◆ **Records for the task**
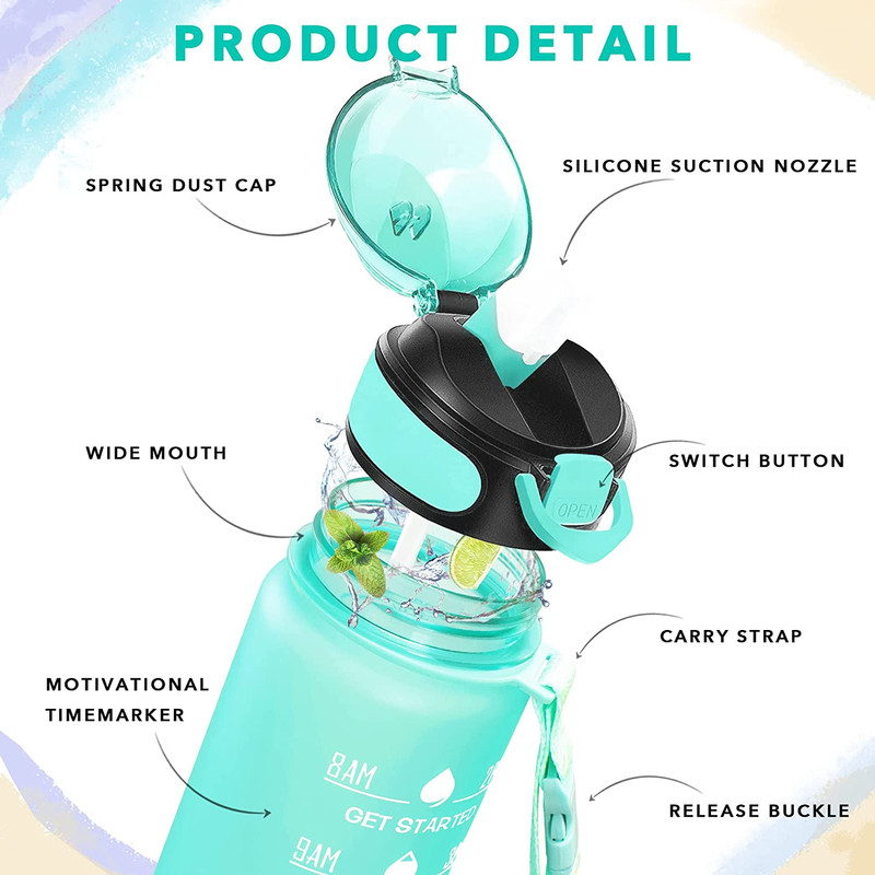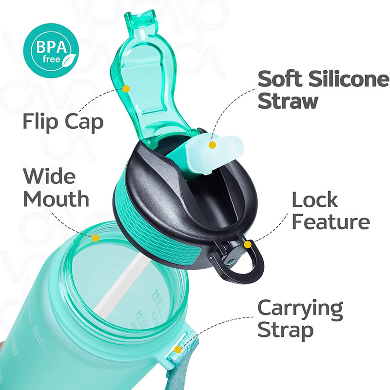 مزیت استفاده از این جنس بطری، همانطور که در بالا توضیح داده شد، علاوه بر حفاظت از محیط زیست و سلامت افراد را نیز در بر می گیرد. زیرا مواد به کار رفته از پلاستیک نمی باشد.داشتن این بطری آب پشت میز کار یا در کیف باشگاه یک چیز است، اما فراموش کردن پر کردن مداوم آن چیز دیگری است. یکی از تاکتیک های مفید این بطری های آب، برچسب زمانی است که به آسانی می توانید ببینید که چقدر آب می نوشید که فراتر از بطری آب معمولی است. این بطری آب با طراحی ارگونومیک دارای انواع ویژگی های متمایز و کاربردی است. درب بالا با قفل ایمن طراحی شده است که آن را ضد گرد و غبار و نشت می کند. دکمه فشاری با یک کلیک برای باز کردن راحت تر درب بطری بوده و دهانه ویژه آن برای جریان بهتر آب طراحی شده است. نشانگر زمان به شما کمک می کند تا میزان دفعات نوشیدن آب را پیگیری کنید و راهی عالی برای حفظ سلامتی خود می باشد. این بطری از جنس پلاستیک کوپلی استر تریتان بوده که بدون سم ساخته میشوند و این اطمینان را میدهد که آب بطری شما از مواد شیمیایی خطرناک، بو یا طعم پلاستیک به دور است. این بطری برای پیاده روی، دوچرخه سواری، کمپینگ، دویدن، یوگا یا هر ورزش دیگری در خانه، باشگاه و اداره مناسب می باشد.
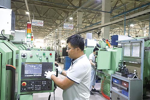 青岛吉明美机械制造有限公司生产车间里,10余名工人穿梭在数控车床前查看显示屏数据和产品加工状态,切削机器自动化手臂来回送待检成品件。…
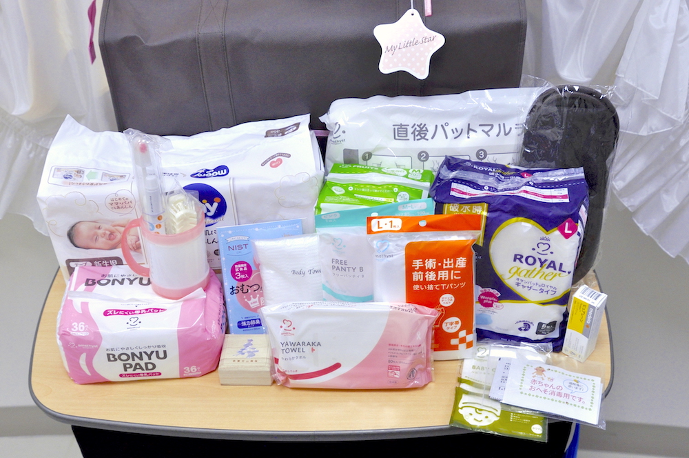 お産の方は、入院準備の負担を少しでも軽減できるよう、入院中に必要なものやアメニティ類をご用意しています。
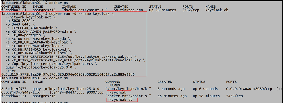 Now we will deploy the Keycloak service in production mode. and confirm that both DB and Keycloak services are up and running.
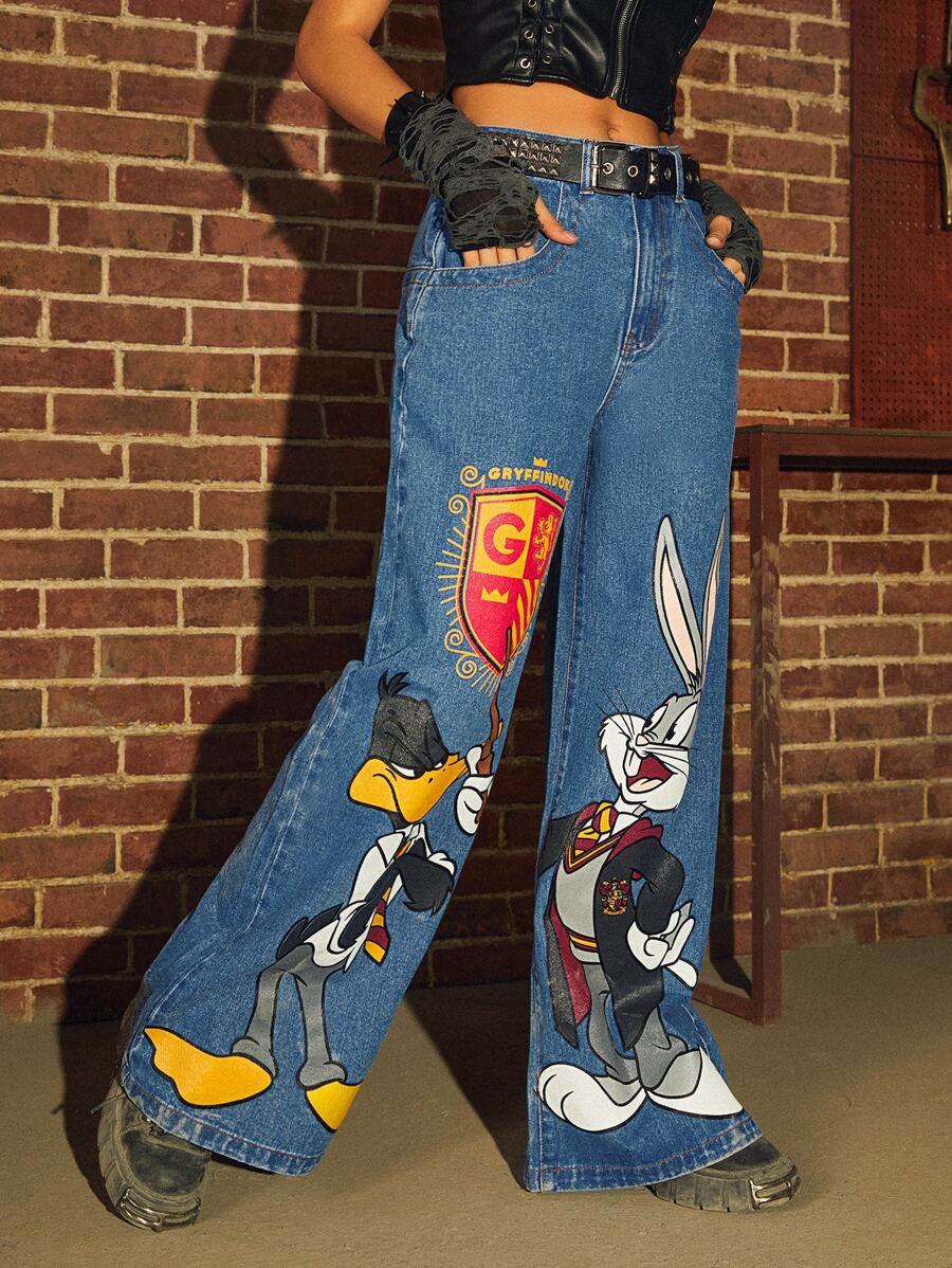 WB 100th | ROMWE Cartoon Graphic Wide Leg Jeans Without Belt
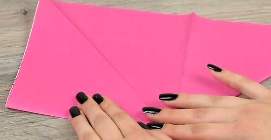 Fold the napkin in half diagonally to form a triangle. Rotate the napkin on the table so it looks like a large diamond. At this point, take the top and bottom corners of the diamond and bring them together, forming a large isosceles triangle. Smooth out the crease along the bottom of the triangle so the napkin better holds its shape. Try and line up the edges as best as you possibly can. If the napkin edges look uneven, then the flower will look uneven as well.
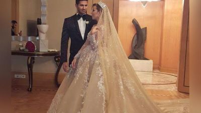 ارتدت العروس إنجي قصابية فستان زفاف ساحر باللون الأيفوري من تصميم نديم أوليفيرا لبوتيك لابورجوازي الفاخر، والأمر اللافت في الموضوع أن فستان العروس مرصع كامله بالألماس البراق ولتكتمل إطلالتها الملكية ارتدت تاج كبير مع طرحة طويلة.
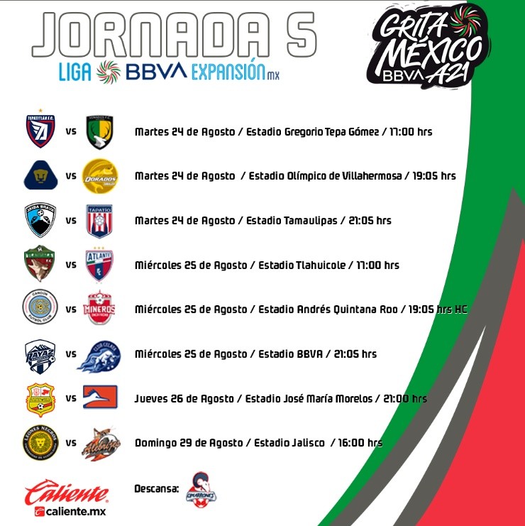 La quinta jornada del Torneo Apertura 2021 de la Liga BBVA Expansión MXcomenzará HOY,martes 24 de agosto, con lo que será el duelo entreTepatitlán y Venados de Yucatán, el cual se efectuará desde las17:00 horas CDMX.

◆ **The problem**
Give again, exactly, the lines from the start of the data through the one holding "WB 100th | ROMWE"; omit the pictures.

◆ **Output of the exercise**
 مزیت استفاده از این جنس بطری، همانطور که در بالا توضیح داده شد، علاوه بر حفاظت از محیط زیست و سلامت افراد را نیز در بر می گیرد. زیرا مواد به کار رفته از پلاستیک نمی باشد.داشتن این بطری آب پشت میز کار یا در کیف باشگاه یک چیز است، اما فراموش کردن پر کردن مداوم آن چیز دیگری است. یکی از تاکتیک های مفید این بطری های آب، برچسب زمانی است که به آسانی می توانید ببینید که چقدر آب می نوشید که فراتر از بطری آب معمولی است. این بطری آب با طراحی ارگونومیک دارای انواع ویژگی های متمایز و کاربردی است. درب بالا با قفل ایمن طراحی شده است که آن را ضد گرد و غبار و نشت می کند. دکمه فشاری با یک کلیک برای باز کردن راحت تر درب بطری بوده و دهانه ویژه آن برای جریان بهتر آب طراحی شده است. نشانگر زمان به شما کمک می کند تا میزان دفعات نوشیدن آب را پیگیری کنید و راهی عالی برای حفظ سلامتی خود می باشد. این بطری از جنس پلاستیک کوپلی استر تریتان بوده که بدون سم ساخته میشوند و این اطمینان را میدهد که آب بطری شما از مواد شیمیایی خطرناک، بو یا طعم پلاستیک به دور است. این بطری برای پیاده روی، دوچرخه سواری، کمپینگ، دویدن، یوگا یا هر ورزش دیگری در خانه، باشگاه و اداره مناسب می باشد.
 青岛吉明美机械制造有限公司生产车间里,10余名工人穿梭在数控车床前查看显示屏数据和产品加工状态,切削机器自动化手臂来回送待检成品件。…
 お産の方は、入院準備の負担を少しでも軽減できるよう、入院中に必要なものやアメニティ類をご用意しています。
 Now we will deploy the Keycloak service in production mode. and confirm that both DB and Keycloak services are up and running.
 WB 100th | ROMWE Cartoon Graphic Wide Leg Jeans Without Belt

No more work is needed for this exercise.